In the years since our public assets were handed over to private corporations, water bills have gone up by more than 40% in real terms. The companies have made a packet, paid their directors massive bonuses and their shareholders large dividends – and failed to invest in the assets they had secured on the cheap.
In April 2023, water companies jacked up our bills by the most in almost 20 years. Water regulator Ofwat and the Government sat by as these shysters fleeced us again during the worst cost-of-living crisis on record.
And here we are today, with the current owners of Thames Water nearly bankrupt, the infrastructure creaking due to underinvestment, and the companies asking to be allowed to hike bills again.
Surely some politicians will tap into the public mood and tell the water companies the party is over?
It is a charge often levelled against the current Labour leadership that they don’t know where they stand on issue until opinion polls or focus group results come back.
Today, 69% of people want water taken back into public ownership.

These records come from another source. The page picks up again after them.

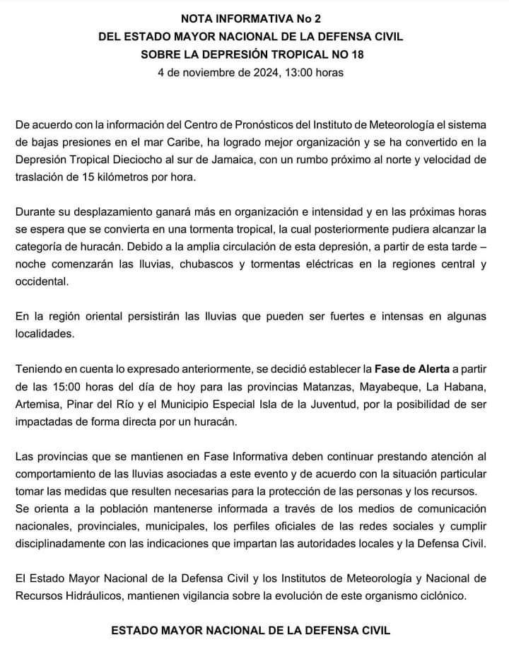 La Defensa Civil advirtió que durante su desplazamiento ganará más en organización e intensidad y en las próximas horas se espera que se convierta en una tormenta tropical, la cual posteriormente pudiera alcanzar la categoría de huracán.
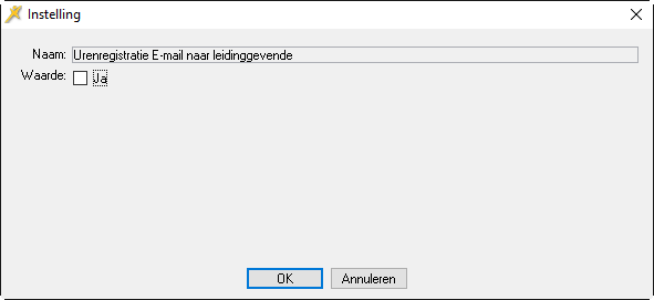 In het E-mailverkeer tussen medewerker en leidinggevende inzake tijdregistratie en de accordering daarvan wordt gebruiik gemaakt van (standaard) E-mail berichten. U kunt instellen dat automatisch een e-mailbericht wordt verzonden op het moment dat een medewerker haar uren ter goedkeuring bij de leidinggevende indient. U gebruikt daarvoor de parameter Urenregistratie E-mail naar leidinggevende.
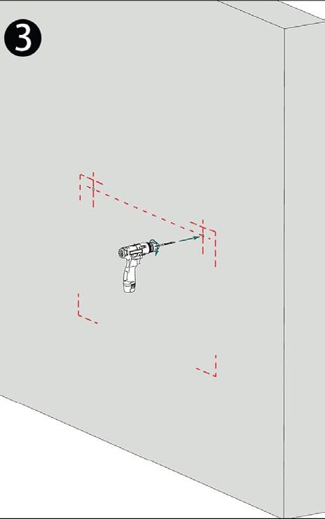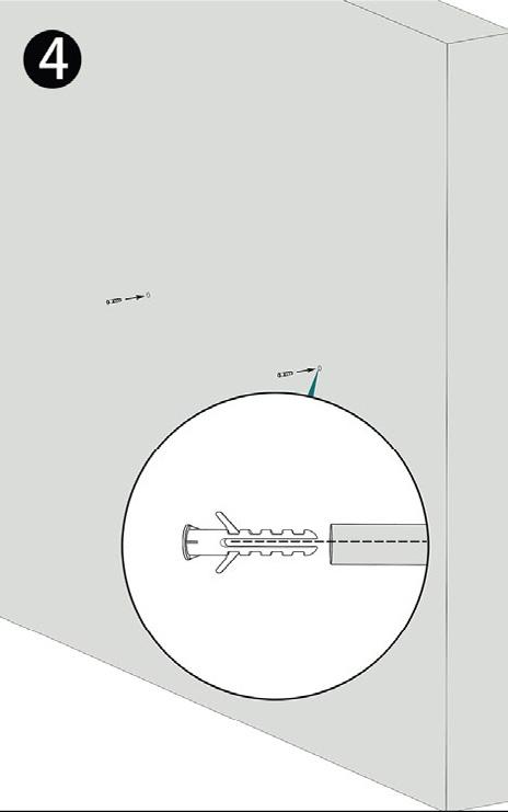 Drill holes for mounting screws provided, ensure these are drilled into supporting wall (through masonary, brick wall or noggins to support the cabinet load). Hammer in plugs into the drill holes.
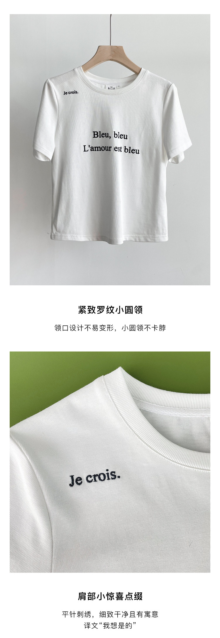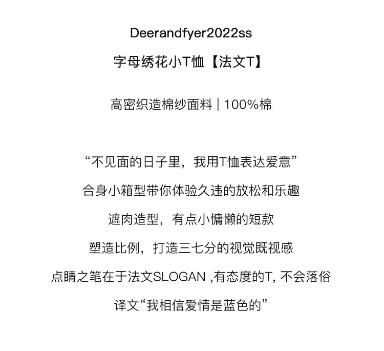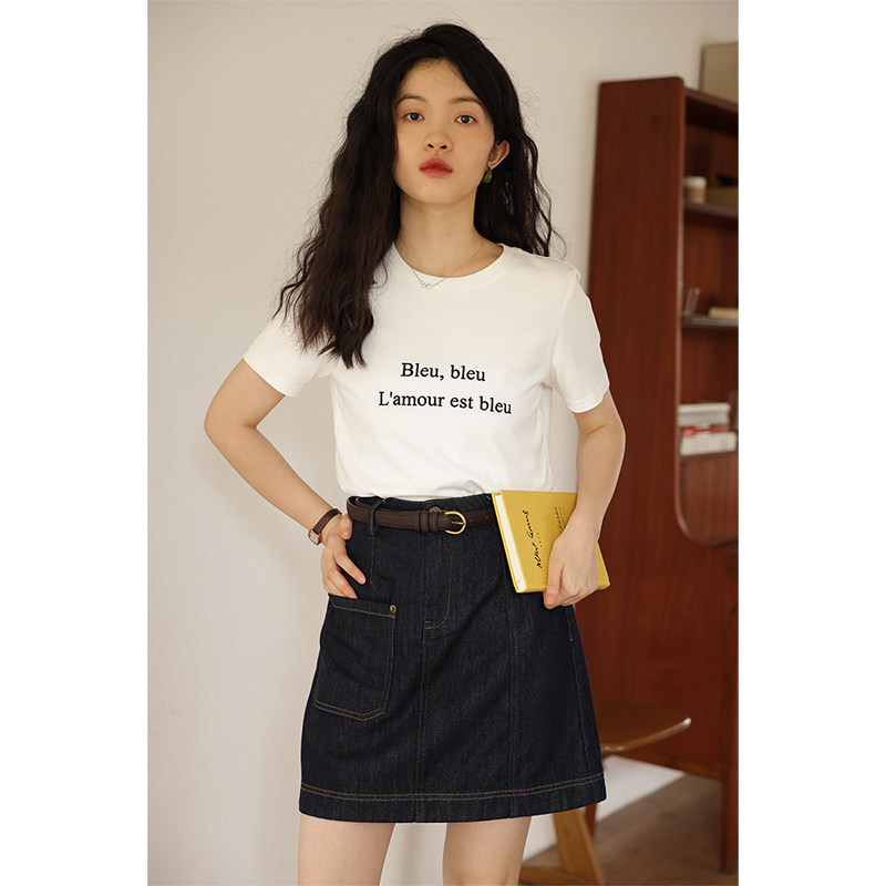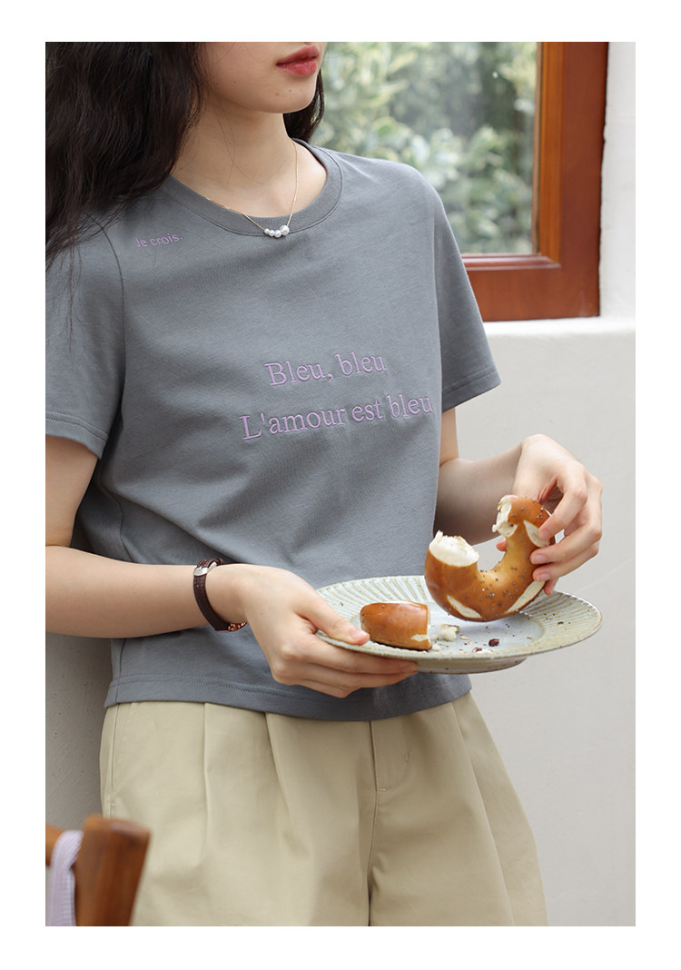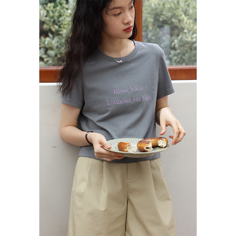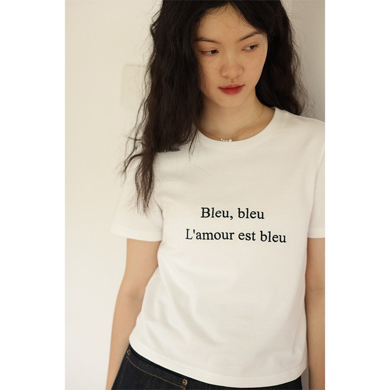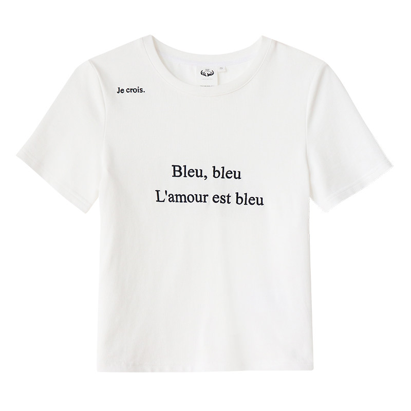 鹿与飞鸟 Короткая облегающая хлопковая футболка с вышивкой и плоской строчкой, круглый вырез [французская футболка] 4455
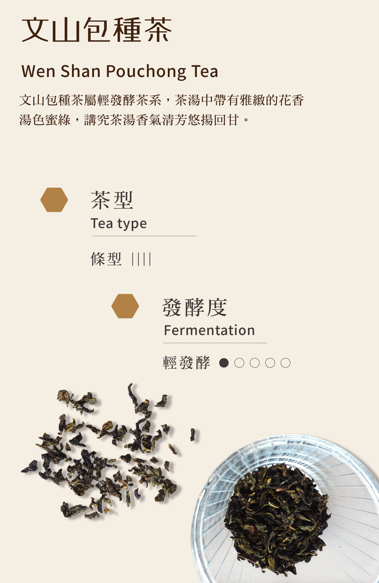 文山包種茶屬輕發酵茶系,茶湯中帶有雅緻的花香,湯色蜜綠,講究茶湯香氣清芳悠揚回甘,
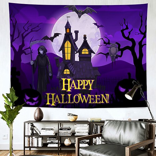 Arazzo Appeso Casa Horror di Halloween Grande Arazzo Murale Decorazione Fotografia Fondale Coperta Tenda Casa Camera da letto Soggiorno Decorazione
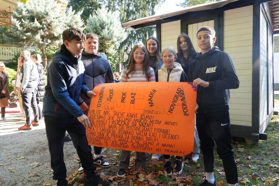 Zbog nemogućnosti sudjelovanja predstavnika područne škole Delovi, išla je učenica 8. razreda koja je aktivno sudjelovala u nastanku radova. Učenici su prisustvovali tradicionalnom javnom okupljanju djece i druženju sa županom.
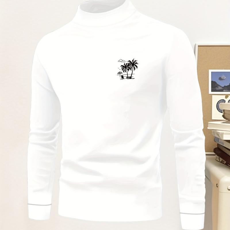 Neck Long Sleeve T-Shirt, Fleece Lined, Solid Burgundy, Warm Winter Casual Layer
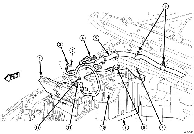 8. Install the nut (12) securing the Totally Integrated Power Module (TIPM) cable (11) to the battery cable stud (5).

The most enthusiastic for this move are pensioners (over-65s, who remember when water was publicly owned) – 73% of whom back public ownership.
But, some will say, Labour is desperately trying to win over Conservative voters. The facts, though, quash that argument – more than two-thirds of Conservative members want water in public ownership, too. Only one-quarter opposed.
Public ownership is overwhelmingly popular, including with Labour’s target voters.
Privatised monopolies simply pass fines on to consumers
Croydon North MP Steve Reed is Labour’s shadow environment secretary and therefore in charge of the party’s water policy. He has been very clear that he sees tighter regulation as the way to go, rather than public ownership.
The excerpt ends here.